— WHAT THE EXERCISE ASKS —
Please transcribe the listing that follows exactly; images are to be excluded.

— EXTRACTED MATERIAL —
· · · ·

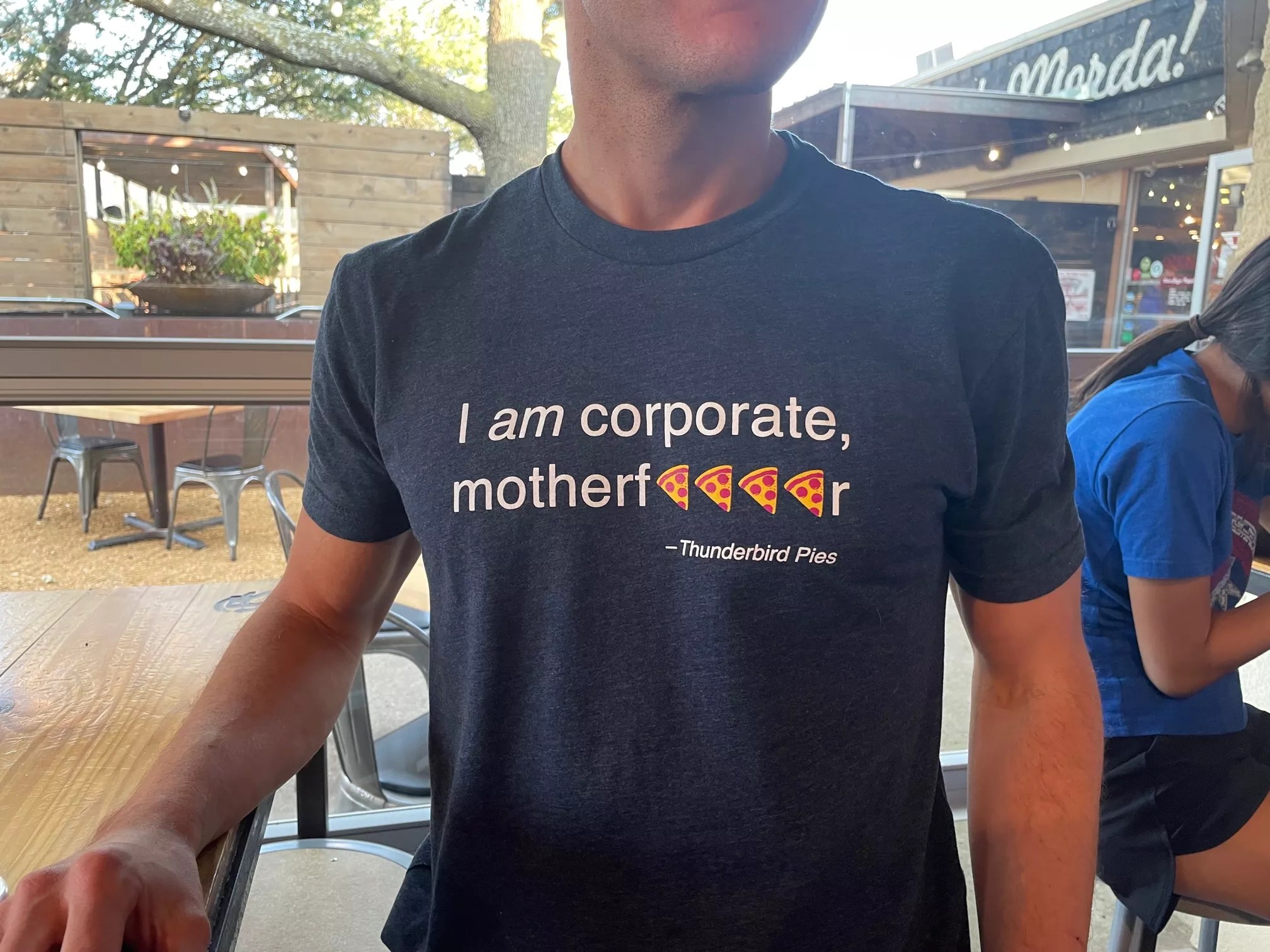 It all escalated quickly, with threats to call “corporate to let them know about the bullshit attitude towards customers.” To which Thunderbird Pies social media impresario, Jeff Amador, responded, “I am Corporate Motherf*****r.” Then they made shirts. But, more important: Tim was right. We need this pizza seven days a week.
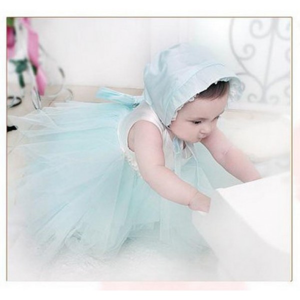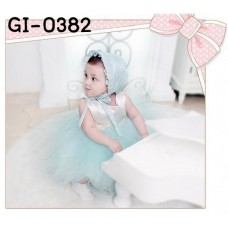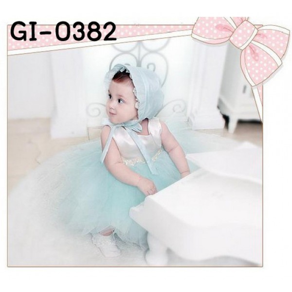 เดรสเด็กผู้หญิง ออกงานแขนกุดสีขาว กระโปรงฟูฟ่องสีเขียว (ไม่รวมหมวก)
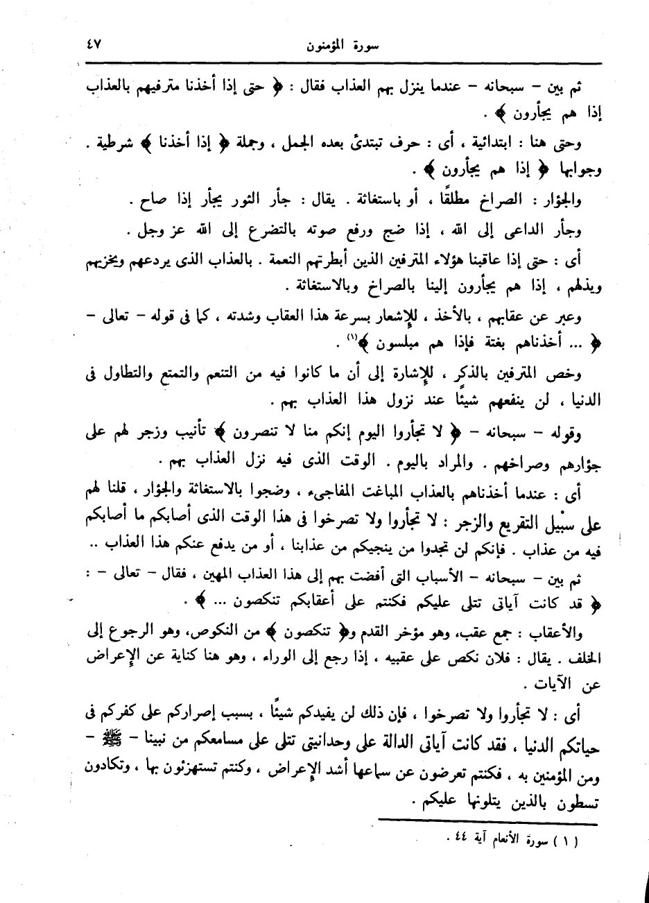 وقوله: مُسْتَكْبِرِينَ وسامِراً وتَهْجُرُونَ أحوال ثلاثة مترادفة على واو الفاعل في تَنْكِصُونَ أو متداخلة، بمعنى أن كل كلمة منها حال مما قبلها.
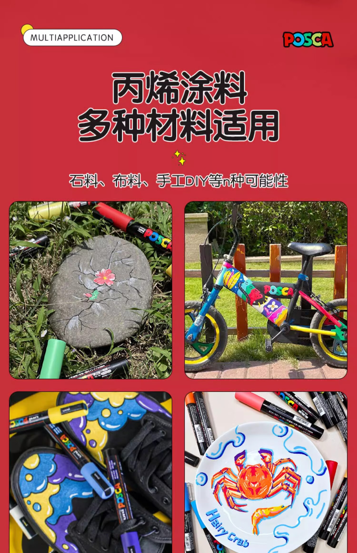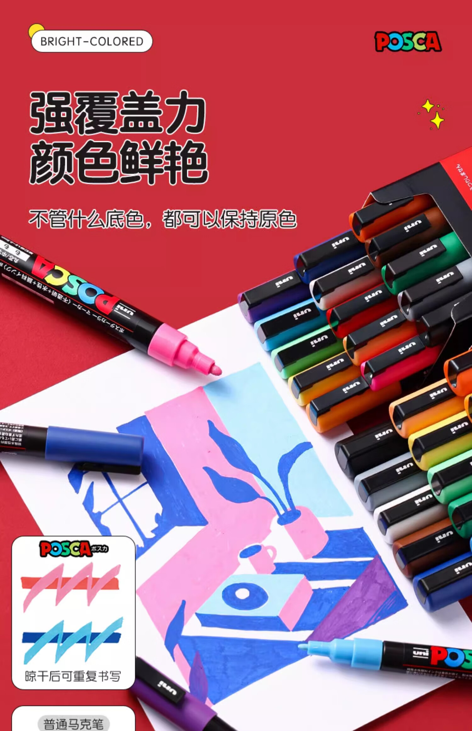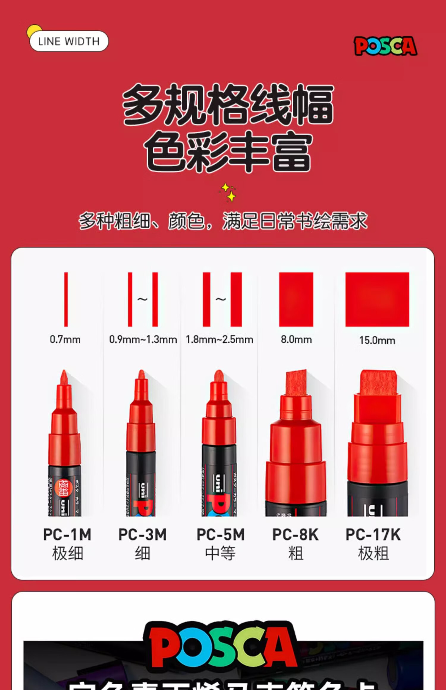 uni日本UNI三菱POSCA丙烯马克笔可叠色涂鸦广告笔白色高光PC-1M/3M/5M/8K海报宝色嘉套装 【PC-8K】青铜色/42
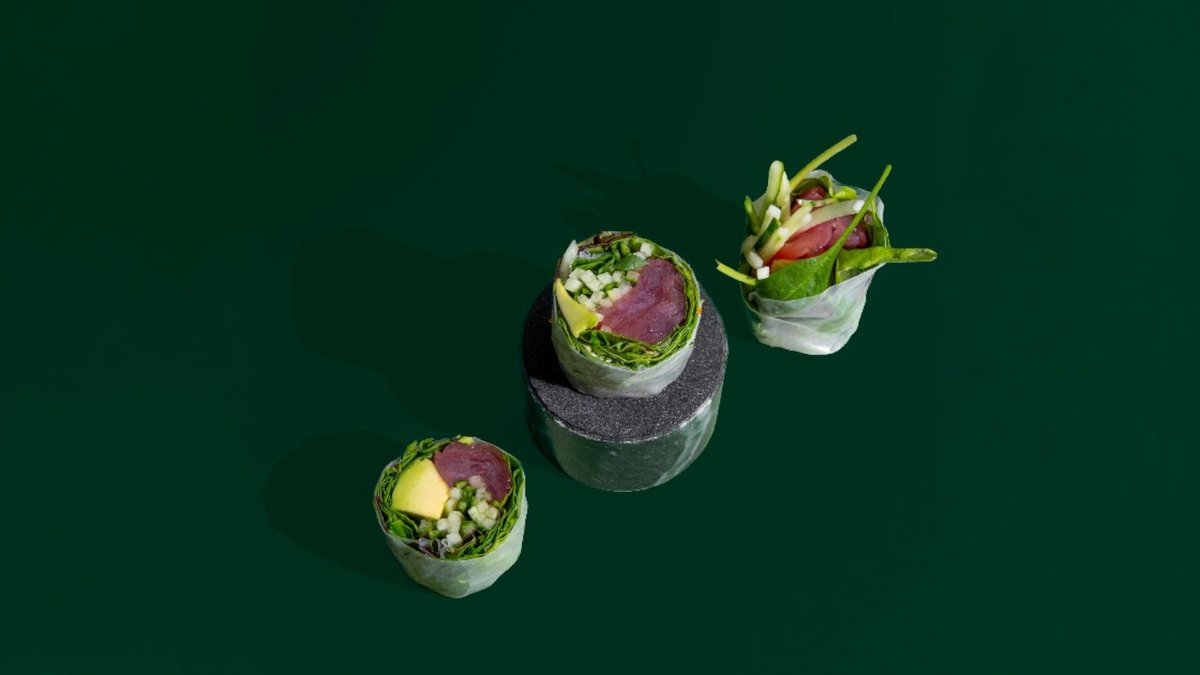 Ryžių lakštas, tunas, salotų mišinys, agurkas, avokadas. Pateikiamas su goma padažu.

· · · ·

— WRITTEN REPLY —
 It all escalated quickly, with threats to call “corporate to let them know about the bullshit attitude towards customers.” To which Thunderbird Pies social media impresario, Jeff Amador, responded, “I am Corporate Motherf*****r.” Then they made shirts. But, more important: Tim was right. We need this pizza seven days a week.
 เดรสเด็กผู้หญิง ออกงานแขนกุดสีขาว กระโปรงฟูฟ่องสีเขียว (ไม่รวมหมวก)
 وقوله: مُسْتَكْبِرِينَ وسامِراً وتَهْجُرُونَ أحوال ثلاثة مترادفة على واو الفاعل في تَنْكِصُونَ أو متداخلة، بمعنى أن كل كلمة منها حال مما قبلها.
 uni日本UNI三菱POSCA丙烯马克笔可叠色涂鸦广告笔白色高光PC-1M/3M/5M/8K海报宝色嘉套装 【PC-8K】青铜色/42
 Ryžių lakštas, tunas, salotų mišinys, agurkas, avokadas. Pateikiamas su goma padažu.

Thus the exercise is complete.